> [RECORDS]
+ + + + + + +
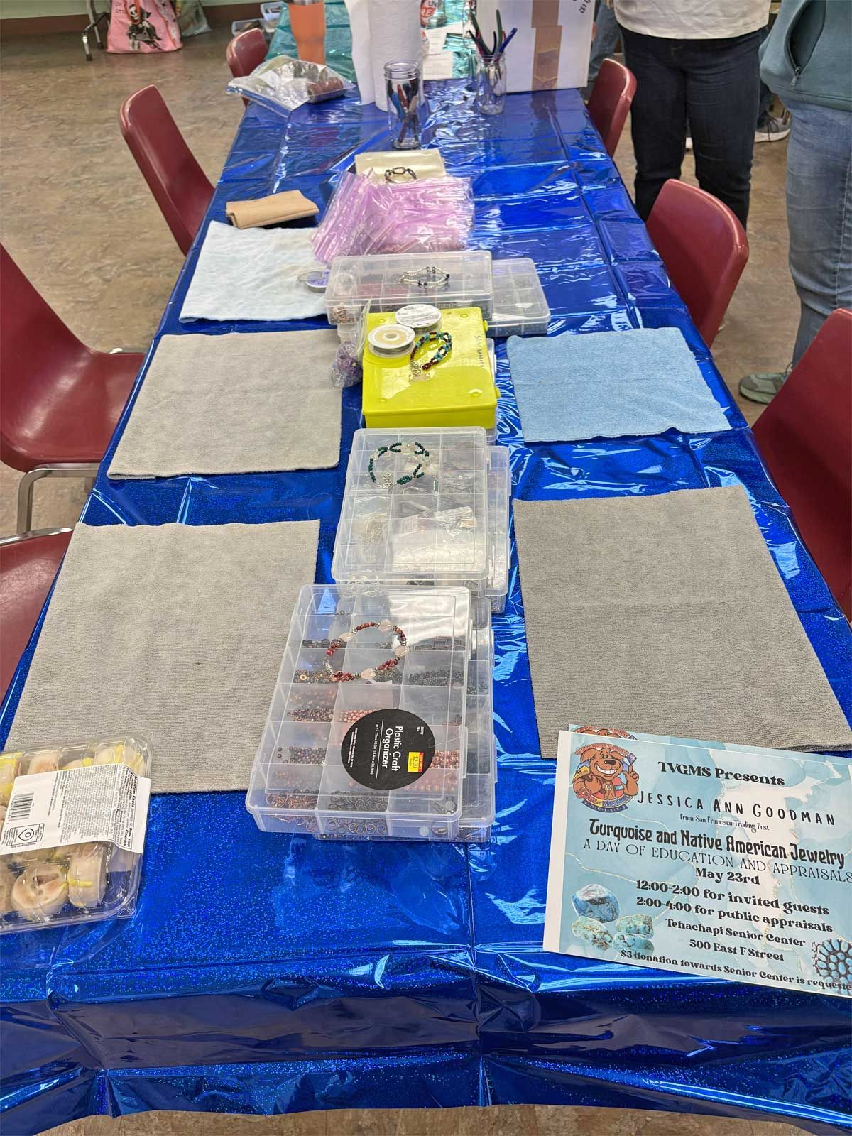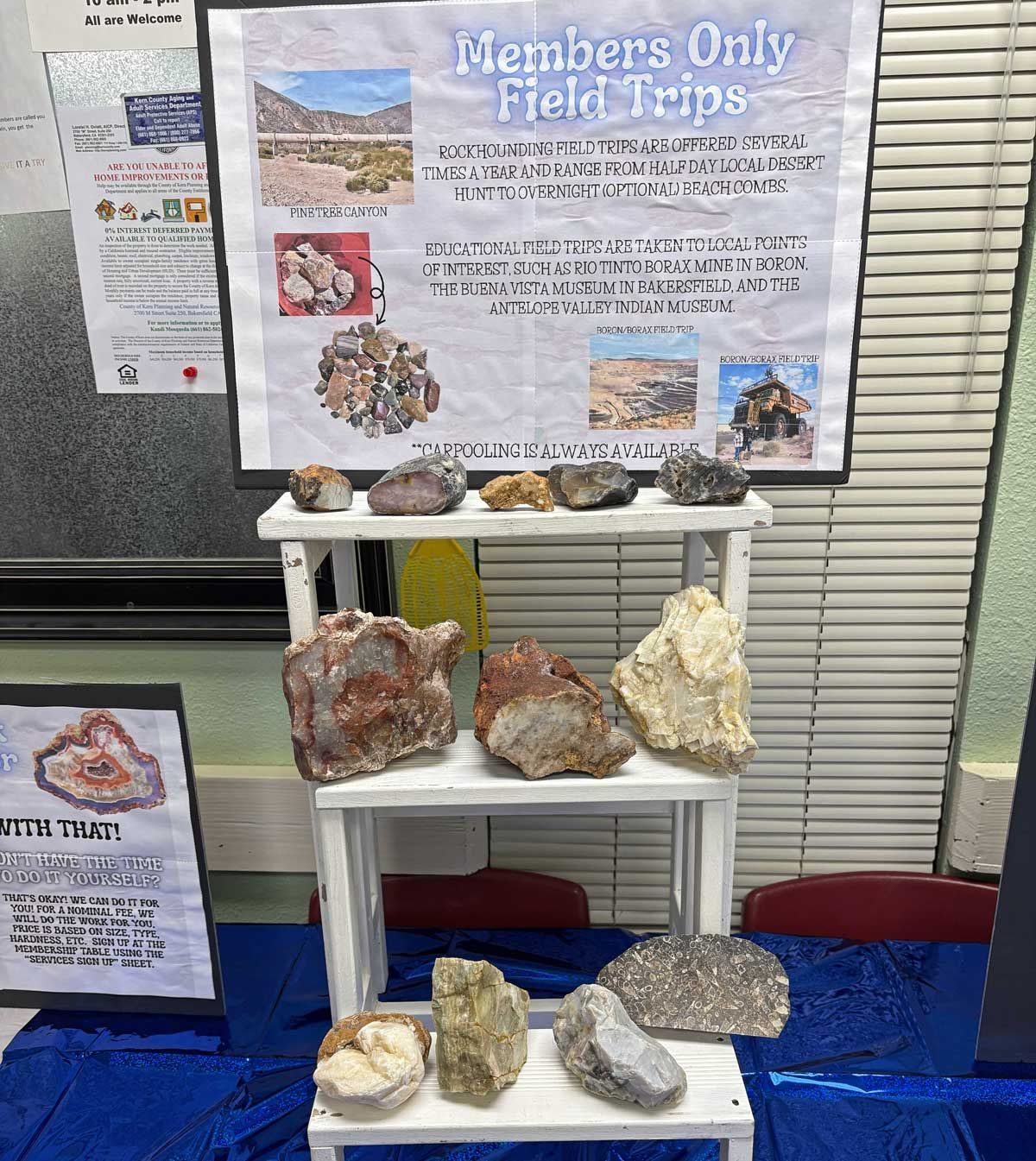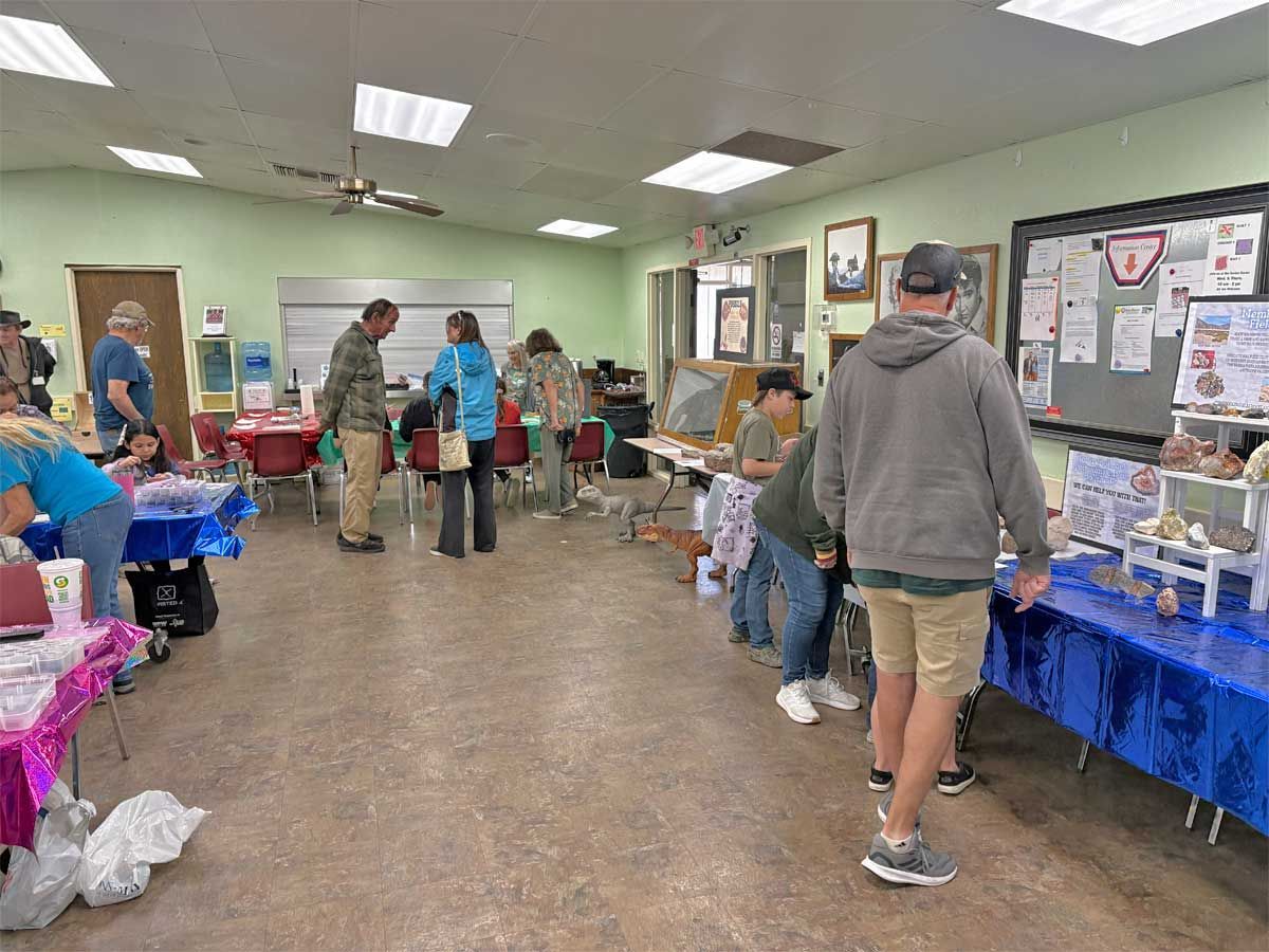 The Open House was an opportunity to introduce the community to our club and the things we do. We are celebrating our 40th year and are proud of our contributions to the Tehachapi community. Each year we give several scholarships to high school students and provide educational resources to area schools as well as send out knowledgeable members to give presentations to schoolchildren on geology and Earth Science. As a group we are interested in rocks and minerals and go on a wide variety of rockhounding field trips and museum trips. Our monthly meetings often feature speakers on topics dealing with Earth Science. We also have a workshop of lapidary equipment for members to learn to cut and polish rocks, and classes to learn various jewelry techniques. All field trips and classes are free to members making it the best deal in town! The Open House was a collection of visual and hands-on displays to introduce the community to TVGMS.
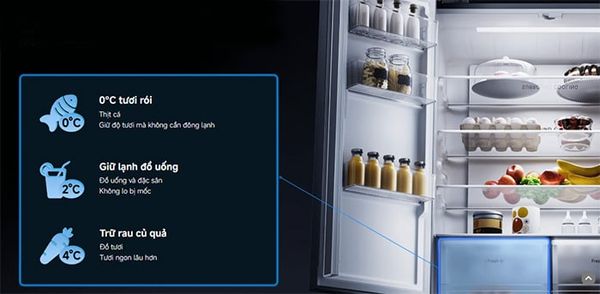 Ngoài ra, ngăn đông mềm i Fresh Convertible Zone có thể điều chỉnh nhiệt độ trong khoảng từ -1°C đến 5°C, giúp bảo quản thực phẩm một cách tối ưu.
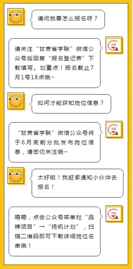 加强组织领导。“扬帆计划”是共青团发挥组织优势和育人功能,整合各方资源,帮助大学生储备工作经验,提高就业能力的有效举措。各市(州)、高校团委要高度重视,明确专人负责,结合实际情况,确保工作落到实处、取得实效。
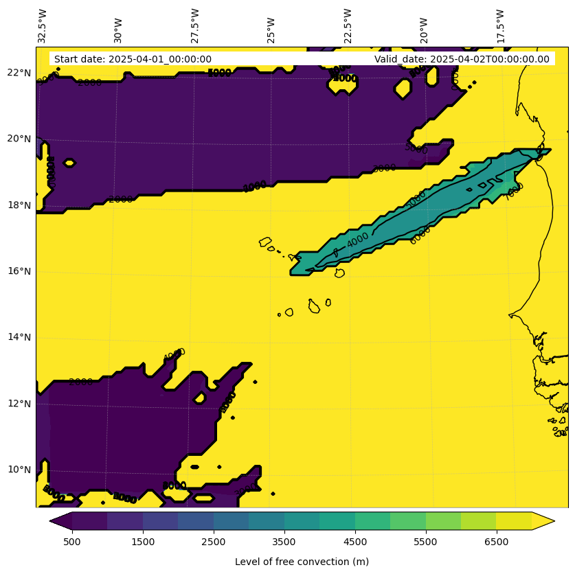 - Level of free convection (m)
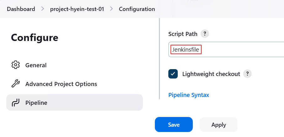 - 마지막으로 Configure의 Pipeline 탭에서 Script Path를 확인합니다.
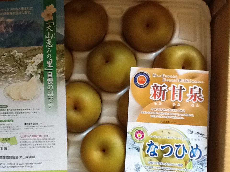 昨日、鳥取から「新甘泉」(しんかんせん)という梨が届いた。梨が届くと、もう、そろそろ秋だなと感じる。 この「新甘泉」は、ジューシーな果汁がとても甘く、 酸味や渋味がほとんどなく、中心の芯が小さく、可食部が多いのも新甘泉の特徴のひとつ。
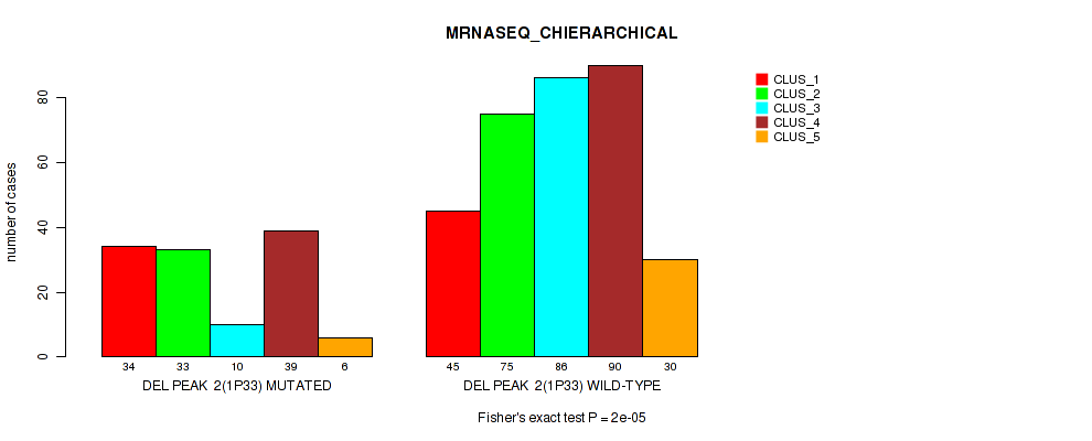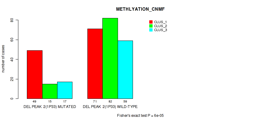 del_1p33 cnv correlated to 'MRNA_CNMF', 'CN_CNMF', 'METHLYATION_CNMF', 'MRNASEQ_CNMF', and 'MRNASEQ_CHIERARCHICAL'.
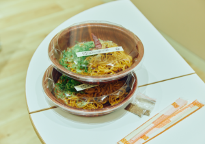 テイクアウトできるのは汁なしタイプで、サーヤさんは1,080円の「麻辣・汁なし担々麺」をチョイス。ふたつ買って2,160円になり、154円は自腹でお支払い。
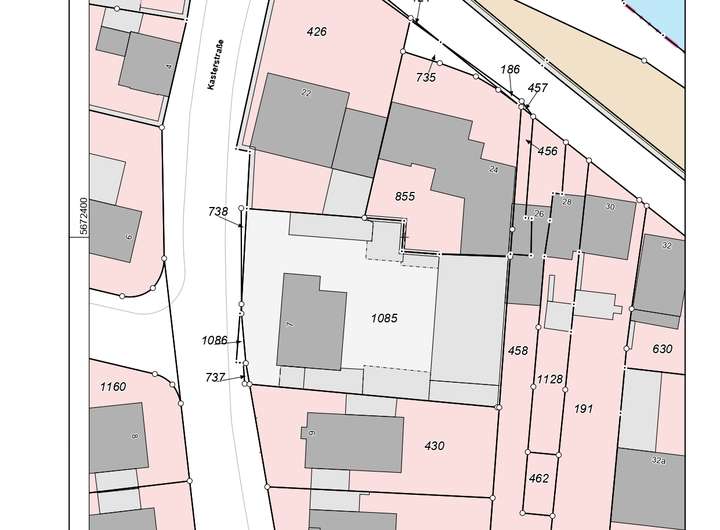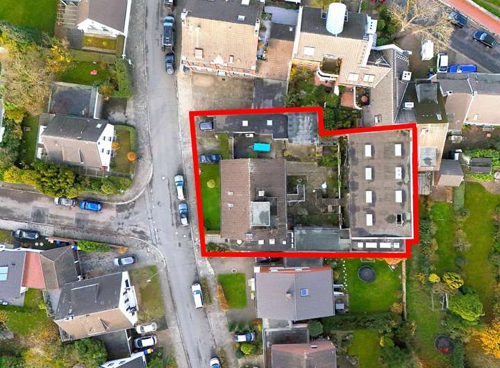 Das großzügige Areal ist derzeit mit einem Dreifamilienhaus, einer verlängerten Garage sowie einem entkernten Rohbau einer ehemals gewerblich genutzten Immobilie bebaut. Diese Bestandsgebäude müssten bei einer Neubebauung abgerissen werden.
+ + + + + + +
Give back the listing exactly, with the pictures removed.

> [TASK RESULT]
 The Open House was an opportunity to introduce the community to our club and the things we do. We are celebrating our 40th year and are proud of our contributions to the Tehachapi community. Each year we give several scholarships to high school students and provide educational resources to area schools as well as send out knowledgeable members to give presentations to schoolchildren on geology and Earth Science. As a group we are interested in rocks and minerals and go on a wide variety of rockhounding field trips and museum trips. Our monthly meetings often feature speakers on topics dealing with Earth Science. We also have a workshop of lapidary equipment for members to learn to cut and polish rocks, and classes to learn various jewelry techniques. All field trips and classes are free to members making it the best deal in town! The Open House was a collection of visual and hands-on displays to introduce the community to TVGMS.
 Ngoài ra, ngăn đông mềm i Fresh Convertible Zone có thể điều chỉnh nhiệt độ trong khoảng từ -1°C đến 5°C, giúp bảo quản thực phẩm một cách tối ưu.
 加强组织领导。“扬帆计划”是共青团发挥组织优势和育人功能,整合各方资源,帮助大学生储备工作经验,提高就业能力的有效举措。各市(州)、高校团委要高度重视,明确专人负责,结合实际情况,确保工作落到实处、取得实效。
 - Level of free convection (m)
 - 마지막으로 Configure의 Pipeline 탭에서 Script Path를 확인합니다.
 昨日、鳥取から「新甘泉」(しんかんせん)という梨が届いた。梨が届くと、もう、そろそろ秋だなと感じる。 この「新甘泉」は、ジューシーな果汁がとても甘く、 酸味や渋味がほとんどなく、中心の芯が小さく、可食部が多いのも新甘泉の特徴のひとつ。
 del_1p33 cnv correlated to 'MRNA_CNMF', 'CN_CNMF', 'METHLYATION_CNMF', 'MRNASEQ_CNMF', and 'MRNASEQ_CHIERARCHICAL'.
 テイクアウトできるのは汁なしタイプで、サーヤさんは1,080円の「麻辣・汁なし担々麺」をチョイス。ふたつ買って2,160円になり、154円は自腹でお支払い。
 Das großzügige Areal ist derzeit mit einem Dreifamilienhaus, einer verlängerten Garage sowie einem entkernten Rohbau einer ehemals gewerblich genutzten Immobilie bebaut. Diese Bestandsgebäude müssten bei einer Neubebauung abgerissen werden.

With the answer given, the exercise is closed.